Re: [PATCH 5/9] x86/dumpstack: Improve opcodes dumping in the Code: section

[Borislav Petkov]

On Thu, Mar 08, 2018 at 03:20:58PM -0800, Linus Torvalds wrote:
> Yes, so the reason the prologue is more important is that there's
> really two cases for the "Code:" line:

Yap, I had a hunch it must be about some of those but thanks for taking
the time and writing it down!

I've tried to summarize the reasoning and slap it as a comment above it
so that it is clear why we do it this way:

---
diff --git a/arch/x86/kernel/dumpstack.c b/arch/x86/kernel/dumpstack.c
index c3aa0e29513e..7a21098c9128 100644
--- a/arch/x86/kernel/dumpstack.c
+++ b/arch/x86/kernel/dumpstack.c
@@ -71,6 +71,25 @@ static void printk_stack_address(unsigned long address, int 
reliable,
printk("%s %s%pB\n", log_lvl, reliable ? "" : "? ", (void *)address);
 }
 
+/*
+ * The are a couple of reasons for the 2/3rd prologue, courtesy of Linus:
+ *
+ * In case where we don't have the exact kernel image (which, if we did, we can
+ * simply disassemble and navigate to the RIP), the purpose of the bigger
+ * prologue is to have more context and to be able to correlate the code from
+ * the different toolchains better.
+ *
+ * In addition, it helps in recreating the register allocation of the failing
+ * kernel and thus make sense of the register dump.
+ *
+ * What is more, the additional complication of a variable length insn arch 
like
+ * x86 warrants having longer byte sequence before rIP so that the disassembler
+ * can "sync" up properly and find instruction boundaries when decoding the
+ * opcode bytes.
+ *
+ * Thus, the 2/3rds prologue and 64 byte OPCODE_BUFSIZE is just a random
+ * guesstimate in attempt to achieve all of the above.
+ */
 void show_opcodes(u8 *rip, const char *loglvl)
 {
 #define OPCODE_BUFSIZE 64

-- 
Regards/Gruss,
Boris.

Good mailing practices for 400: avoid top-posting and trim the reply.

Re: [PATCH 5/9] x86/dumpstack: Improve opcodes dumping in the Code: section

[Linus Torvalds]

On Thu, Mar 8, 2018 at 2:36 PM, Borislav Petkov  wrote:
>
> Btw, do we have any explanation for the two-thirds prologue?
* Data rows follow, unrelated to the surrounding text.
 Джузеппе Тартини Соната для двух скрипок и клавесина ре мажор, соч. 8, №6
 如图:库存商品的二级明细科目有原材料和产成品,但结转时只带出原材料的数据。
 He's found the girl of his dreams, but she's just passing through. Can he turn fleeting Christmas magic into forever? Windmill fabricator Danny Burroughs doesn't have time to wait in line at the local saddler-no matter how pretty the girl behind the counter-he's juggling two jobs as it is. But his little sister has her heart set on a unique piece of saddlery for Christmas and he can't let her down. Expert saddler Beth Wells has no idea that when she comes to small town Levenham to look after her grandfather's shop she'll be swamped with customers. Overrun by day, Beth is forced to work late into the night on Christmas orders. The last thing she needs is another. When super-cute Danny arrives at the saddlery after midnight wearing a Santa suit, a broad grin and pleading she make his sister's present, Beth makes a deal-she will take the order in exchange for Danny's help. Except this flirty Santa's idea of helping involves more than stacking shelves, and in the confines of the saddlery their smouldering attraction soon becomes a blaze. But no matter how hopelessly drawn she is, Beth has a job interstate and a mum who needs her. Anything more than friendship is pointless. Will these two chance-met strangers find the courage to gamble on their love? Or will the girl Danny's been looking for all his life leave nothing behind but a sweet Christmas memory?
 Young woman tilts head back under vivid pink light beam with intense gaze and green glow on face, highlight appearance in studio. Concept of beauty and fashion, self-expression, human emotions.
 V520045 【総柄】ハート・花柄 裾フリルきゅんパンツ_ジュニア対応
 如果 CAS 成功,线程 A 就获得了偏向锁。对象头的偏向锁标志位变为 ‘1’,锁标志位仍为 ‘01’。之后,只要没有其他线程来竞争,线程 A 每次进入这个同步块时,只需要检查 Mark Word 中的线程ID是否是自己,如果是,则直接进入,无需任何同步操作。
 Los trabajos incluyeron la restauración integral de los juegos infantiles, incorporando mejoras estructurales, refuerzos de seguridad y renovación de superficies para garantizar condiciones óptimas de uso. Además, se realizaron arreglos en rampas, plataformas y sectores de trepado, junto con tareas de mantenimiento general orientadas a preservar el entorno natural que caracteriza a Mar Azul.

I dug it
> out to the patch below but it doesn't say why the prologue being bigger
> is more important than the epilogue.

Yes, so the reason the prologue is more important is that there's
really two cases for the "Code:" line:

 (a) it doesn't matter at all, because you have the kernel image
anyway, and can just get the code from there based on the faulting
instruction pointer address.

 (b) it ends up helping you match things up roughly, because maybe you
have a different compiler version and different code generation
(and/or maybe just different config options)
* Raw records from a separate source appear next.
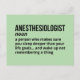 This hilarious anesthesiologist job definition postcard makes a thoughtful and light-hearted gift for anyone in the medical field. Perfect for anesthesiology residents, CRNAs, doctors, and med school graduates. Great way to add humor to workplace notice boards or medical student dorm rooms.
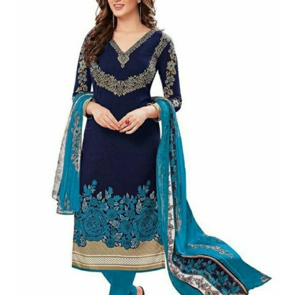 Superb Collection of Women's Fancy Unstitched Dress Material Top Fabric: Crepe + Top Length: 2 Meters Bottom Fabric: Crepe + Bottom Length: 2 Meters Dupatta Fabric: Chiffon + Dupatta Length: 2 Meters Lining Fabric: Crepe Type: Un Stitched Pattern: Printed Multipack: Single Country of Origin: India
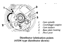Normally way to this put a single drip of engine oil on screw revealed when the rotor arm is removed also two drips of oil below the base plate.
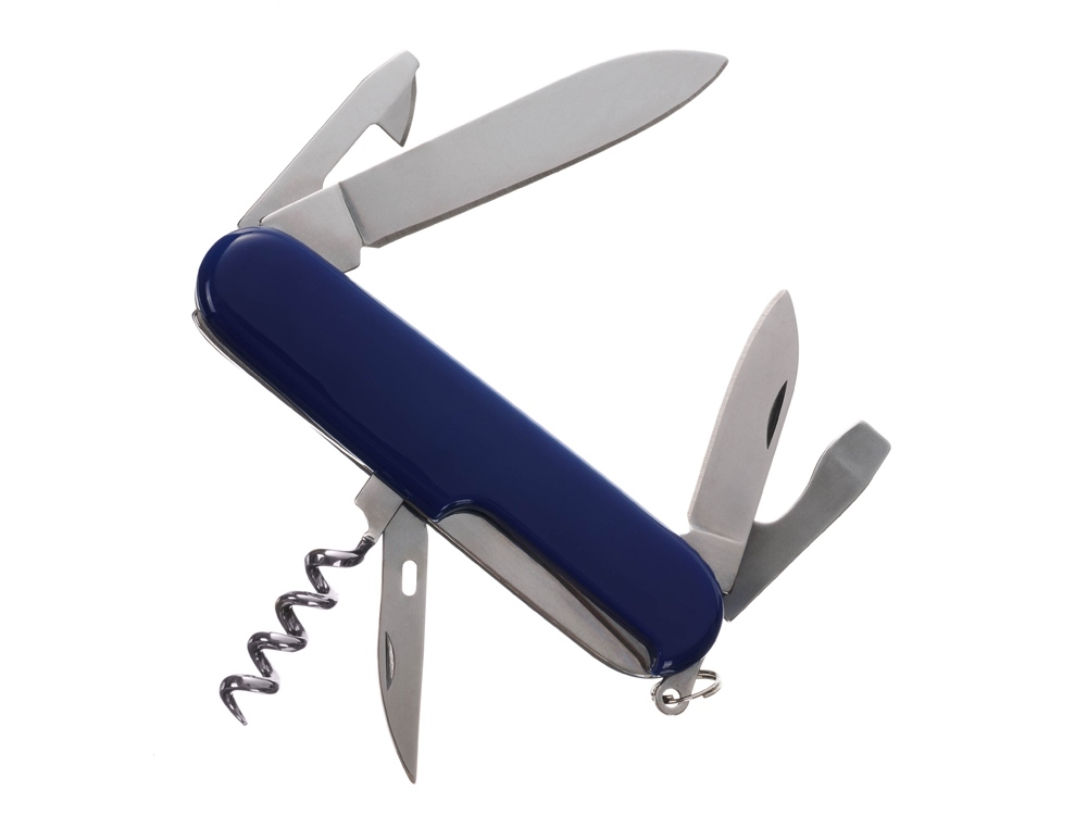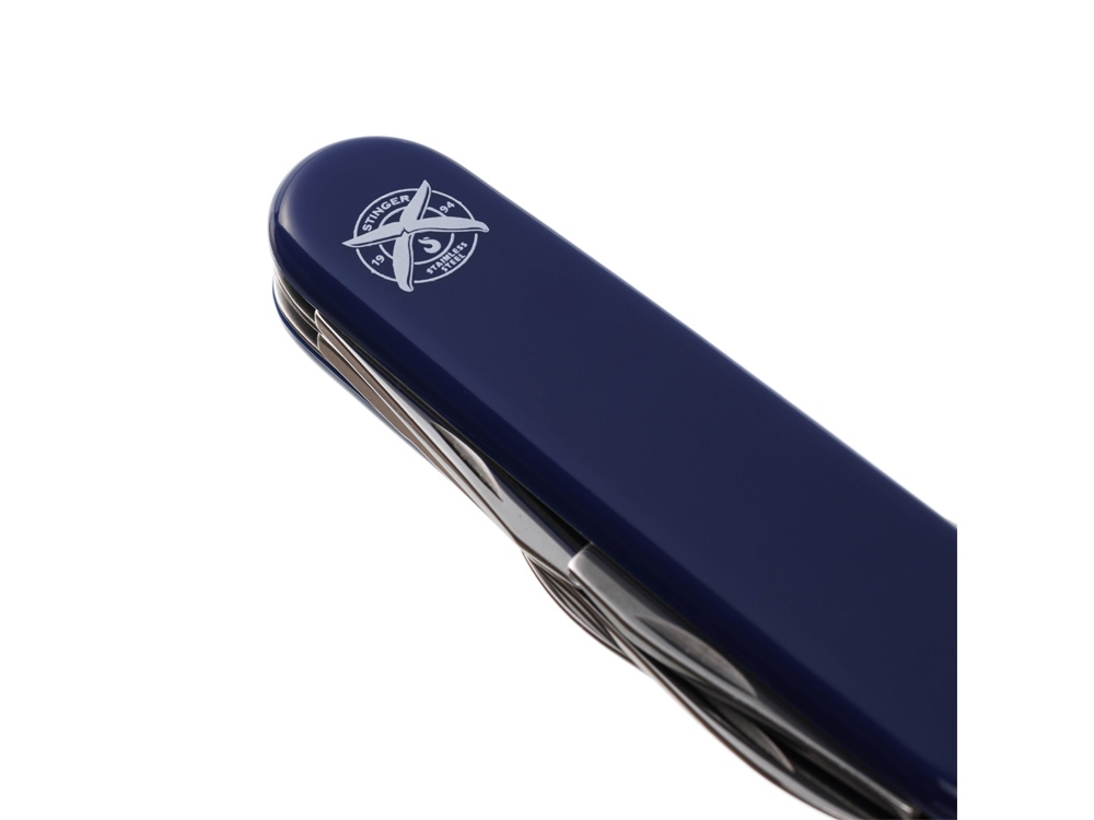 Нож перочинный STINGER имеет 11 функций: 1. Большое лезвие 2. Малое лезвие 3. Консервный нож с: 4. - Малой отверткой 5. Штопор 6. Шило с: 7. - Иглой 8. Открывалка для бутылок с: 9. - Отверткой 10. - Инструментом для снятия изоляции 11. Кольцо для ключей ХАРАКТЕРИСТИКИ Материалы • лезвие/инструменты: нержавеющая сталь 420, твердость 44-48 HRC • рукоять: нержавеющая сталь 420, твердость 44-48 HRC • накладки рукояти: АБС-пластик Размеры • Размеры ножа: 90х26,5х14 мм • Общая длина: 160,4/131,3 мм • Длина клинка: 67,8/40,4 мм • Наибольшая ширина клинка: 12,4/9,4 мм • Толщина обуха: 2,5/1,5 мм • Длина рукояти: 92,6/90,9 мм • Ширина рукояти (в ср.части): 20,6 мм • Толщина рукояти (в ср.части): 15 мм Вес: 80 г Цвет накладок рукояти: синий Накладки рукояти ножа не подлежат замене. Упаковка: картонная коробка

In the (a) case, the code doesn't matter at all, and you might as well
just look at the whole function by just doing "gdb vmlinux" and then
disassemble it. You have everything just from %rip.
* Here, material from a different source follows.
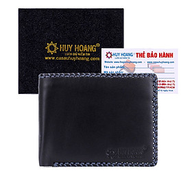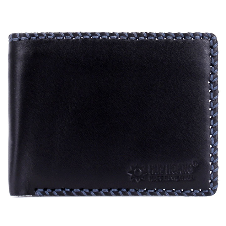 Ví/Bóp nam Huy Hoàng da bò viền chỉ màu đen 2129
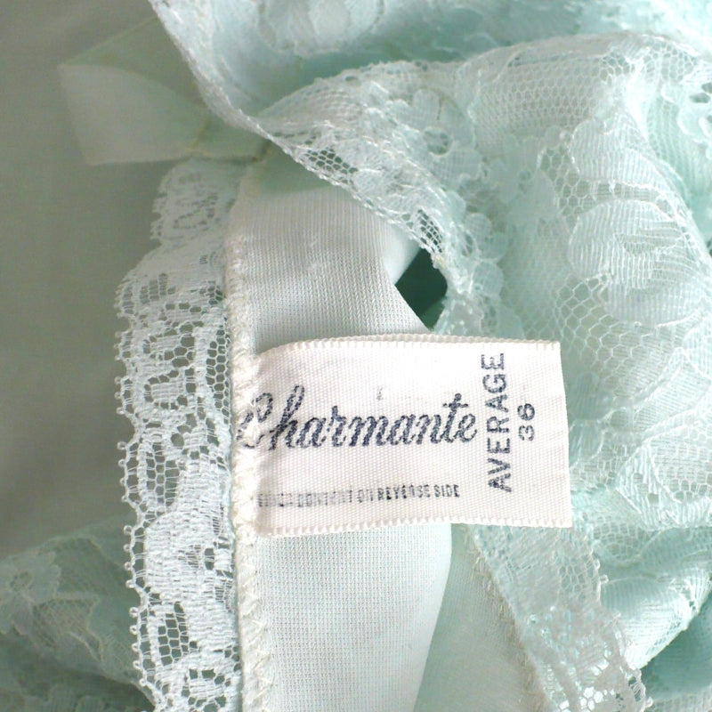 Add a touch of vintage femininity to your lingerie collection with this stunning 1960s lace-topped cami-slip, in a refreshing mint green, reminiscent of soft sherbet or pastel spring hues. Featuring a princess-lined bodice for a flattering fit, the delicate lace-covered bodice and hem create a timelessly romantic look. The V-neckline and straight back of this stunning full slip create a classic silhouette, while the adjustable satin ribbon straps offer a customizable fit for ultimate comfort.

In the (b) case, there are two reasons to give code "around" the
faulting instruction pointer:

 - to help match up when you compare your not-identical vmlinux sequence

 - to actually figure out what the register allocation in the faulting
kernel was, so that you can make sense of the register dump, because
your local kernel might have completely different register allocaiton.

And for that *second* case, the instructions that _precede_ the
faulting instructions are generally much more important than the
instructions that follow the faulting instruction.

The instructions that *follow* the faulting instructions generally
have little or no relevance for the register dump (obviously loops etc
_can_ make them  matter, but you see the rough point).

So the instructions that precede the faulting instruction are in many
ways much more relevant than the instructions that follow it. So you
want more of those.

Also, the instructions that precede the faulting instruction have
another issue - with variable-length instructions, it's hard to sync
up things. Even if we were to use a disassembler (which we almost
certainly don't at fault time), walking backwards can easily be
ambiguous.

So you want extra "slop" in the bytes that get dumped before the
instruction, because you don't know quite where the instruction
boundaries may be.  In contrast, the faulting instruction itself - and
the instrucvtions that follow it - you can tell where the instruction
boundaries are (unless you had an exception due to a corrupted
indirect branch, which does happen but is quite rare).

So there's two reasons for why the bytes _before_ the instruction are
more important than the bytes _after_ the instruction: the register
state is more relevant for them, and the slop for decoding.

The "two thirds" then just comes from that. It's just a random
estimate of "instruction bytes that precede the faulting instructions
are more important than later ones".

In fact, to some degree the "one third" can be seen as "the faulting
instruction itself needs some space".

An x86 instruction can be at most 15 bytes, and you do likely want at
least that. Any bytes after the first instruction aren't _useless_
(because they definitely can help line things up when you have
slightly different code generation due to compiler versions etc), so
"at least 15 bytes, and maybe a bit more" again makes that 2/3rds
thing work out well when you print out 64 bytes.

  Linus

PS. Historical side note:

We haven't always printed out that much. This is Linux-0.01:

for(i=0;i<10;i++)
printk("%02x ",0xff & get_seg_byte(esp[1],(i+(char *)esp[0])));

so it just printed out 10 bytes, basically just the faulting
instruction (and not even all of it if it has a lot of immediates).

We eventually extended the 10 bytes into 20 bytes, again starting at
the existing instruction, because if you don't print out a lot, you
need to start at the faulting instruction itself because of slop.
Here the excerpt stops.